Plusieurs marqueurs permettent de valider un diagnostic boulimique, et parmi ceux-ci, le DSM-5 (American Psychiatric Association, 2013, p. 448) recense trois grands critères essentiels : La « survenue récurrente d’accès hyperphagiques ». Ces crises de gloutonnerie, ou de binge-eating, répondent à deux critères : 1) l’absorption, en un temps limité, d’une très grande quantité de nourriture, souvent riche en sucres, en féculents et en graisses ; 2) le surgissement d’un sentiment de perte de contrôle qui accompagne la prise de nourriture (par exemple le sentiment de ne pas pouvoir s’arrêter de manger, de ne pas pouvoir contrôler ce que l’on mange ou la quantité de nourriture que l’on mange). Pour pouvoir parler de boulimie, ces accès hyperphagiques doivent survenir au moins une fois par semaine pendant trois mois.

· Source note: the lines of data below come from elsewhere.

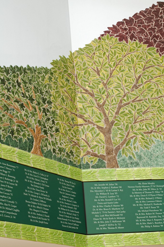 The creative donor wall was inspired by the origin of the school name: A view of the Delaware River through an arch shaped break in the trees.
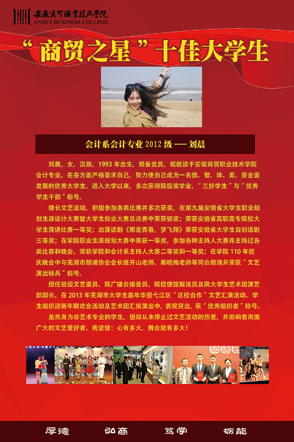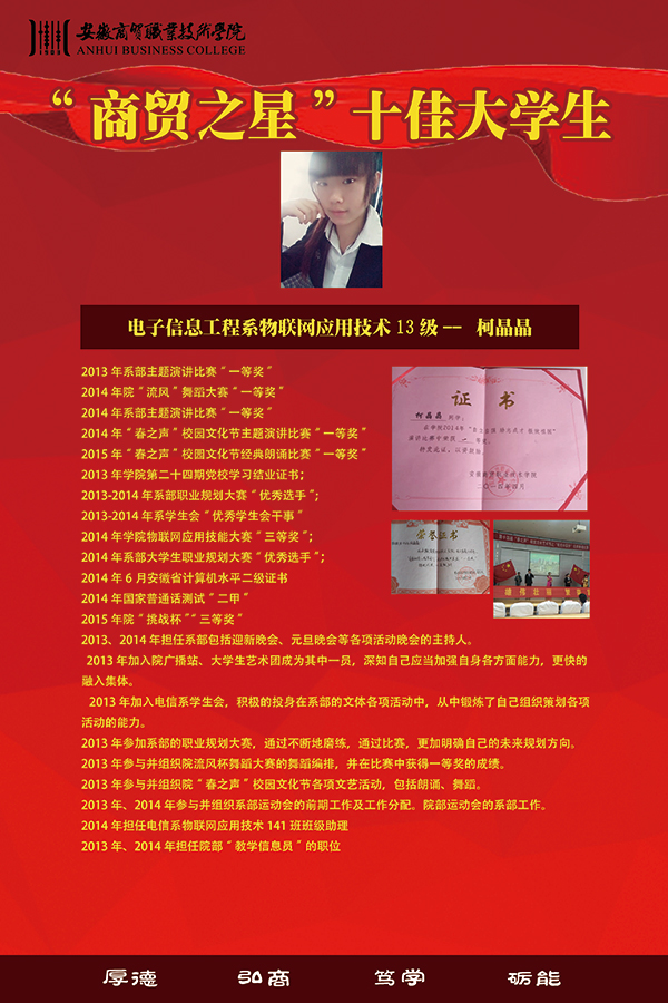 10名优秀同学积极进取,在道德示范、专业学习、科技创新、社会实践、志愿服务、自主创业、自强奋斗、环境保护、文艺创作和体育锻炼等方面事迹突出,自身思想素质、专业素质、人文素质、能力素质等培养方面堪为学生典范,对商贸学子起到了重要的示范和导向作用。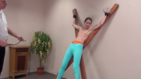 Sissy's breasts are whipped in prison.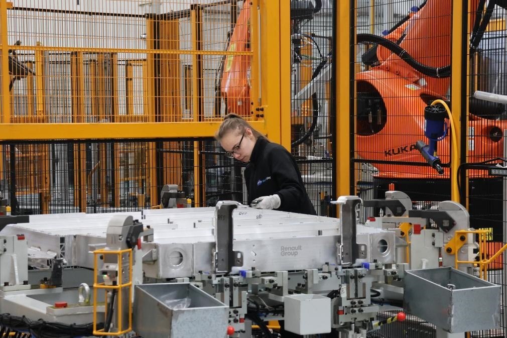 ?2月23日,在法國(guó)呂茨,中國(guó)敏實(shí)集團(tuán)與法國(guó)雷諾集團(tuán)成立的合資公司的員工在電池盒產(chǎn)線上工作。新華社記者張百慧攝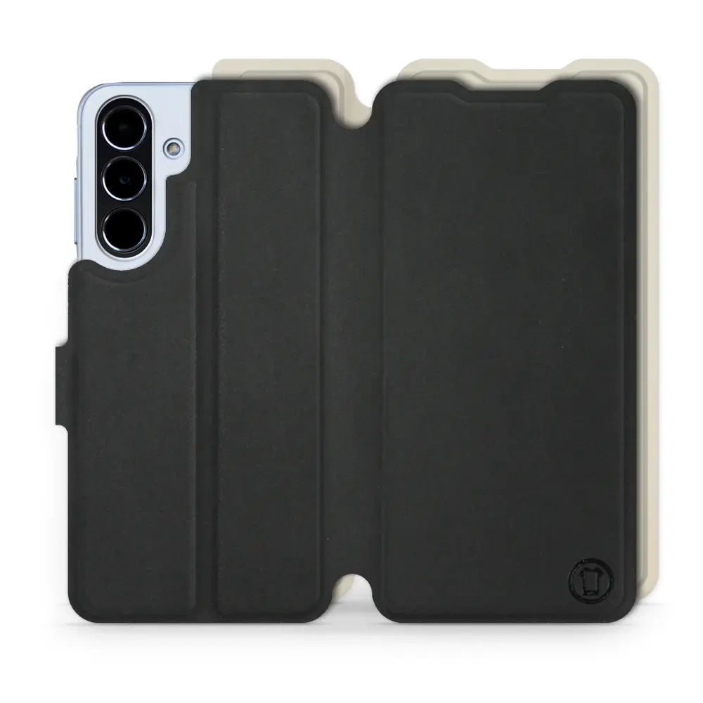 • Etui z klapką marki Mobiwear wykonane w Polsce. Etui Soft Touch do Samsung Galaxy A56 5G - wzór Satynowa czerń z platyną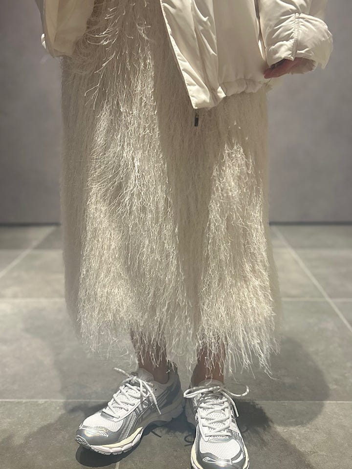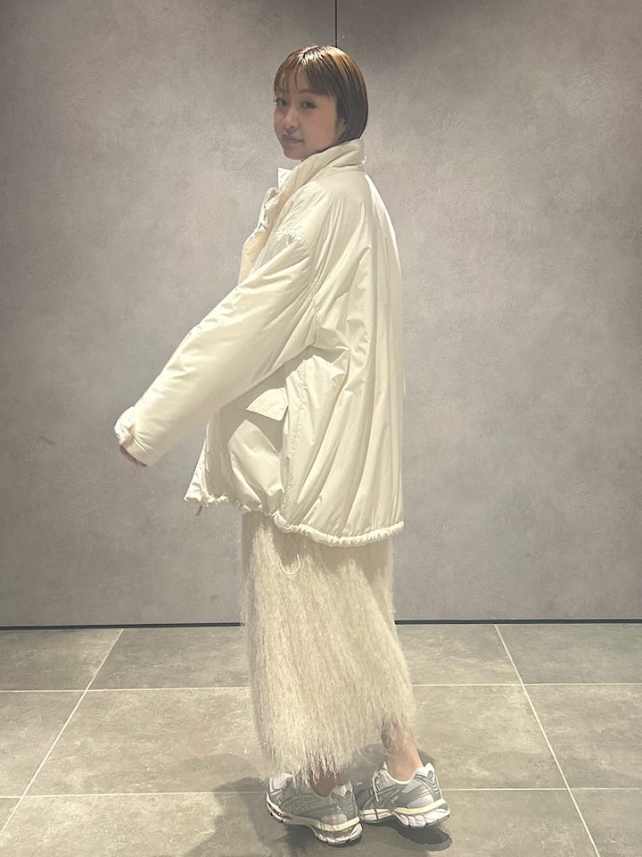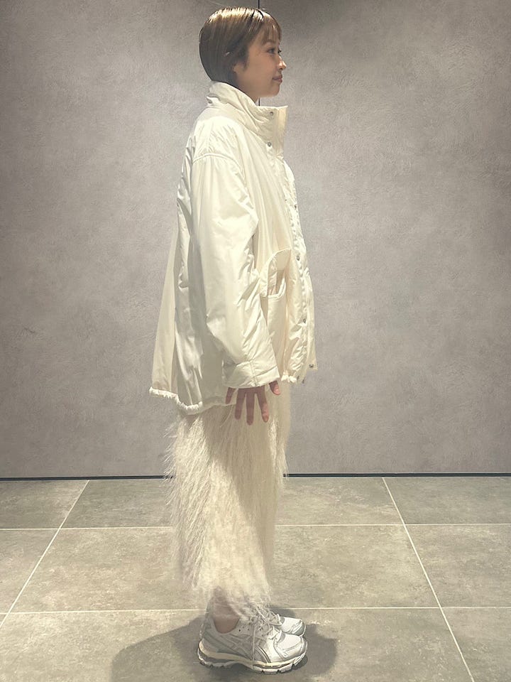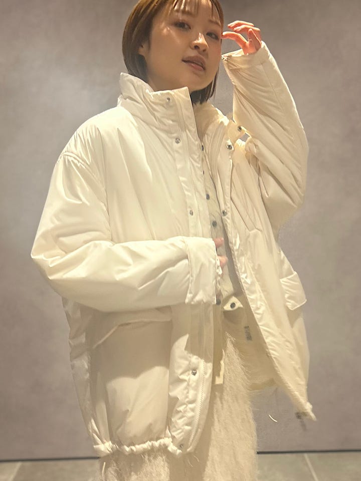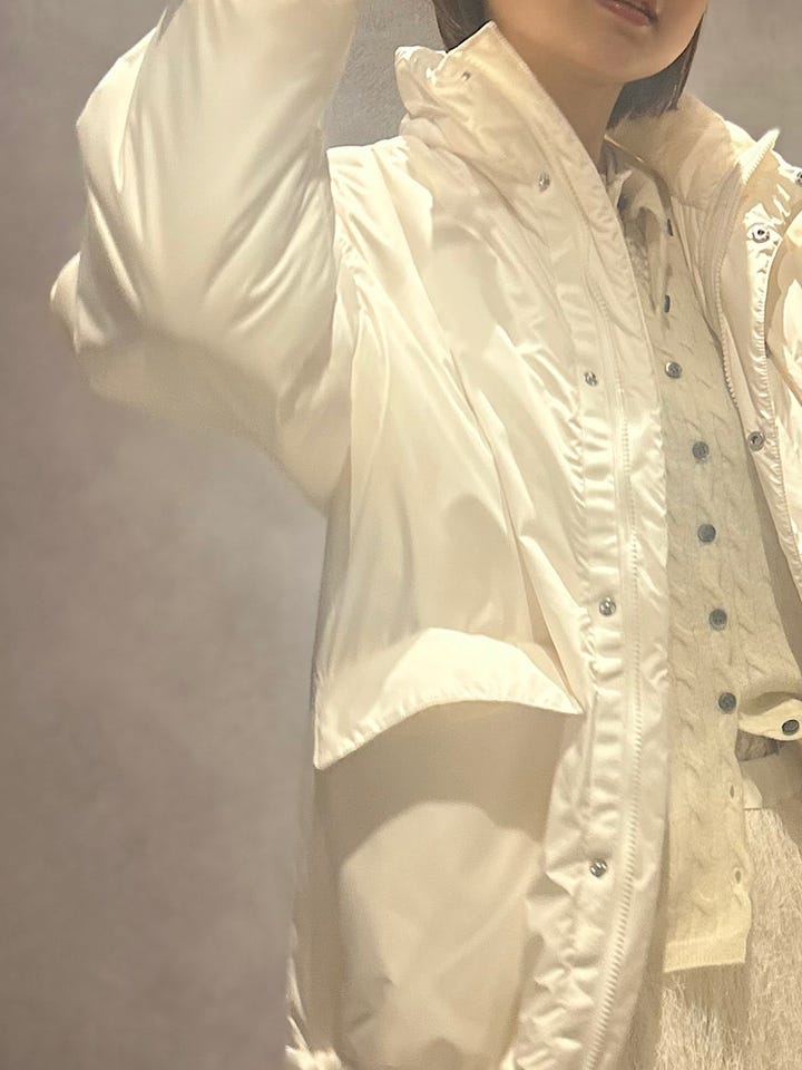 素材感・着心地:エアリーでボリューム感あるように見えますがとても軽くて着やすいです。ヒップまで隠れる丈でコーディネートにバランスよく合わせていただけます。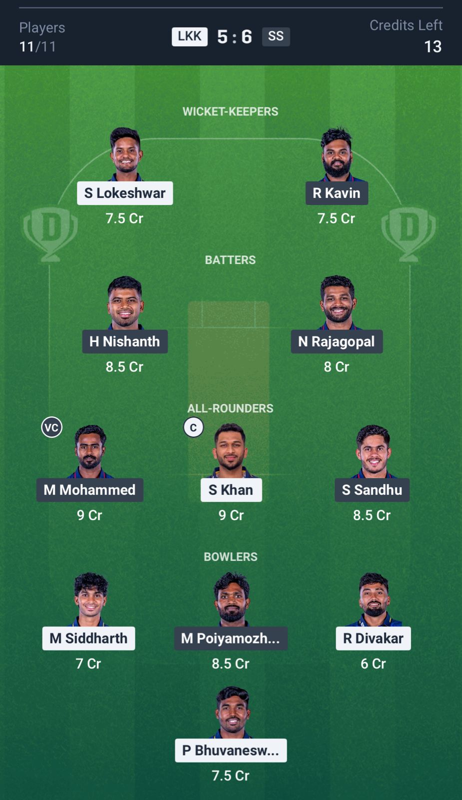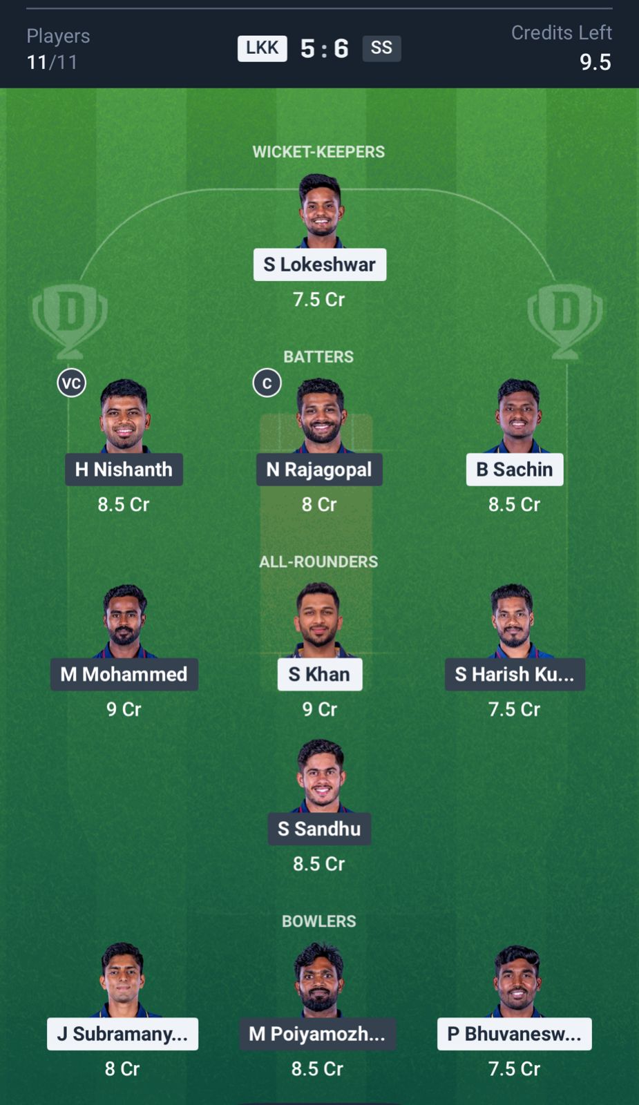Top Captaincy and Vice-Captaincy Picks for LKK vs SS Dream11 Prediction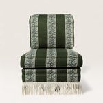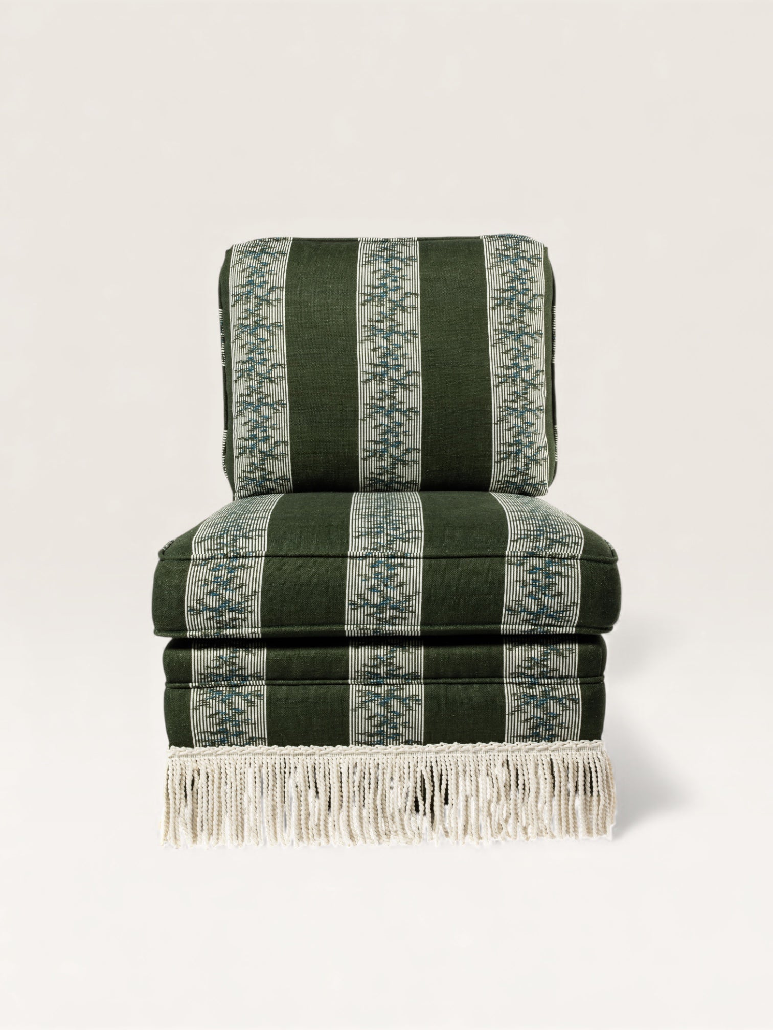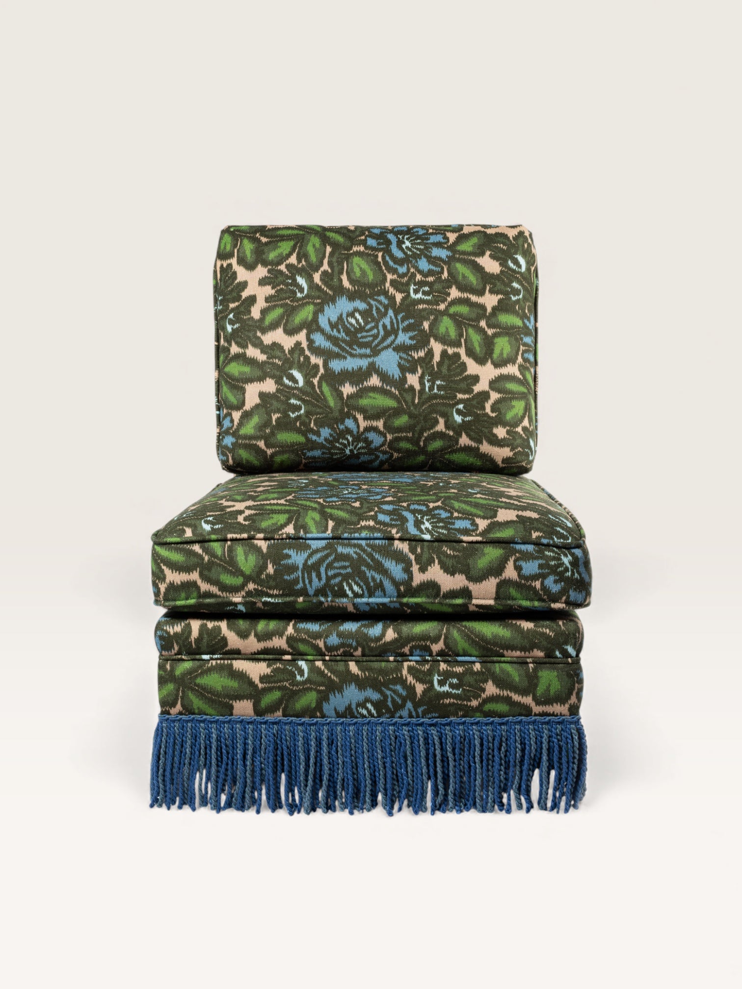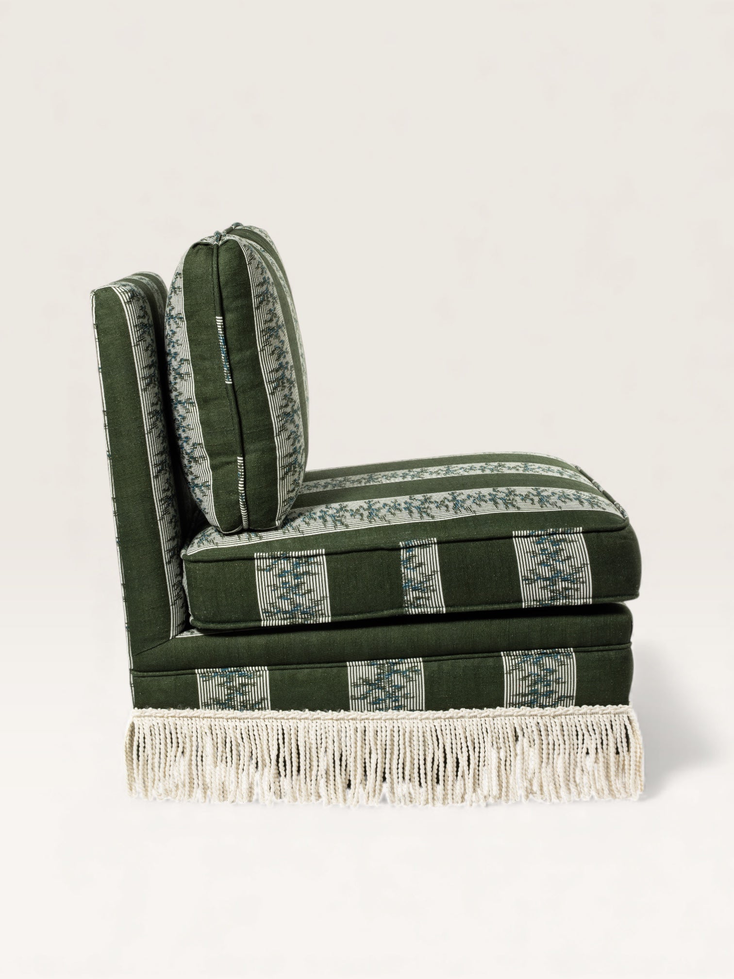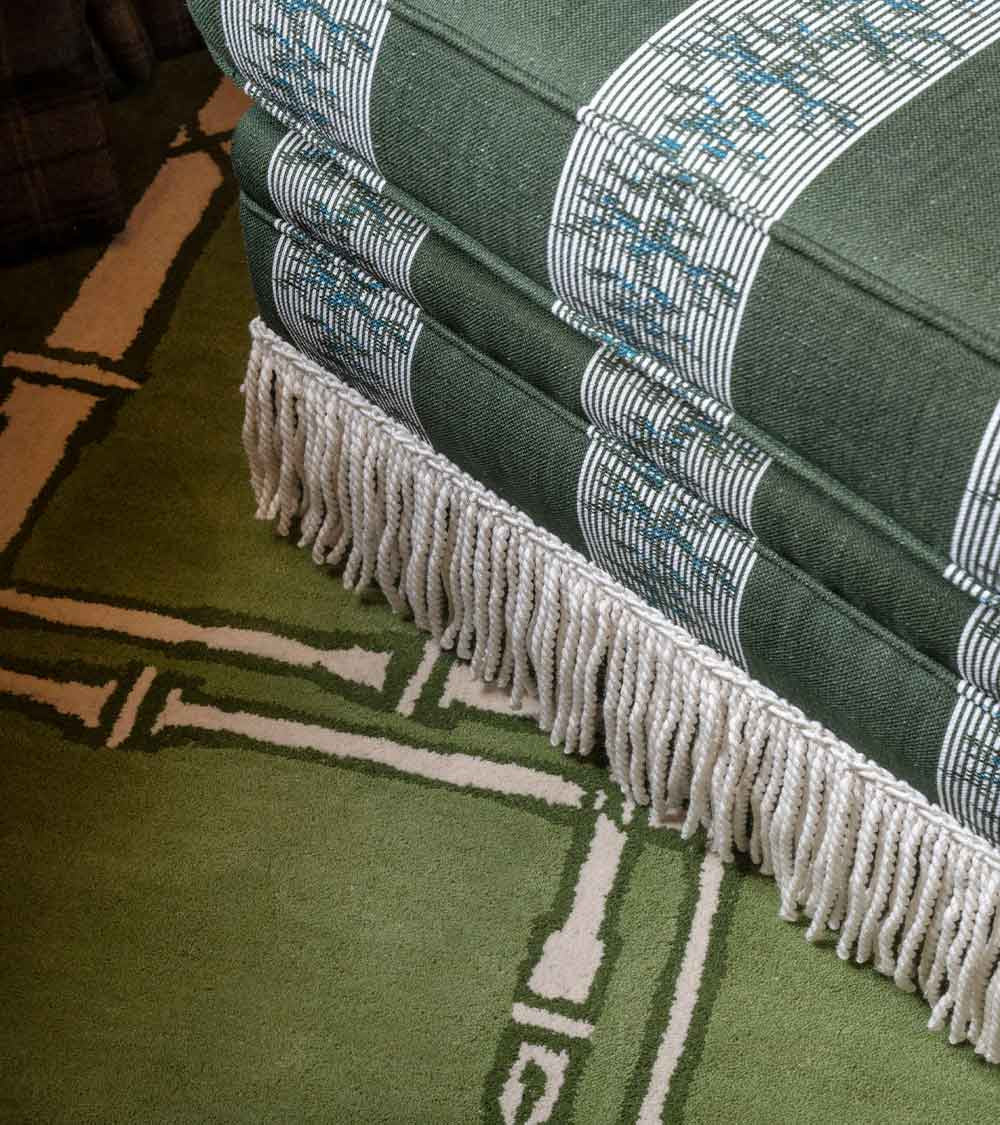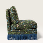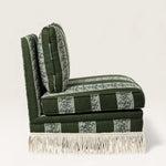Fabriquée en Espagne sur mesure, cette chauffeuse pivotante s’adapte à toutes les occasions — dans une chambre, un bureau ou un salon, seule ou en duo. Avec ou sans franges, elle se commande dans le tissu de votre choix.

Des « comportements compensatoires inappropriés et récurrents visant à prévenir la prise de poids ». Ces comportements compensatoires désignent entre autres l’emploi excessif de laxatifs, de diurétiques et d’autres médicaments, le jeûne ou encore l’exercice physique abusif. Pour pouvoir parler de boulimie, ces comportements compensatoires doivent survenir au moins une fois par semaine pendant trois mois.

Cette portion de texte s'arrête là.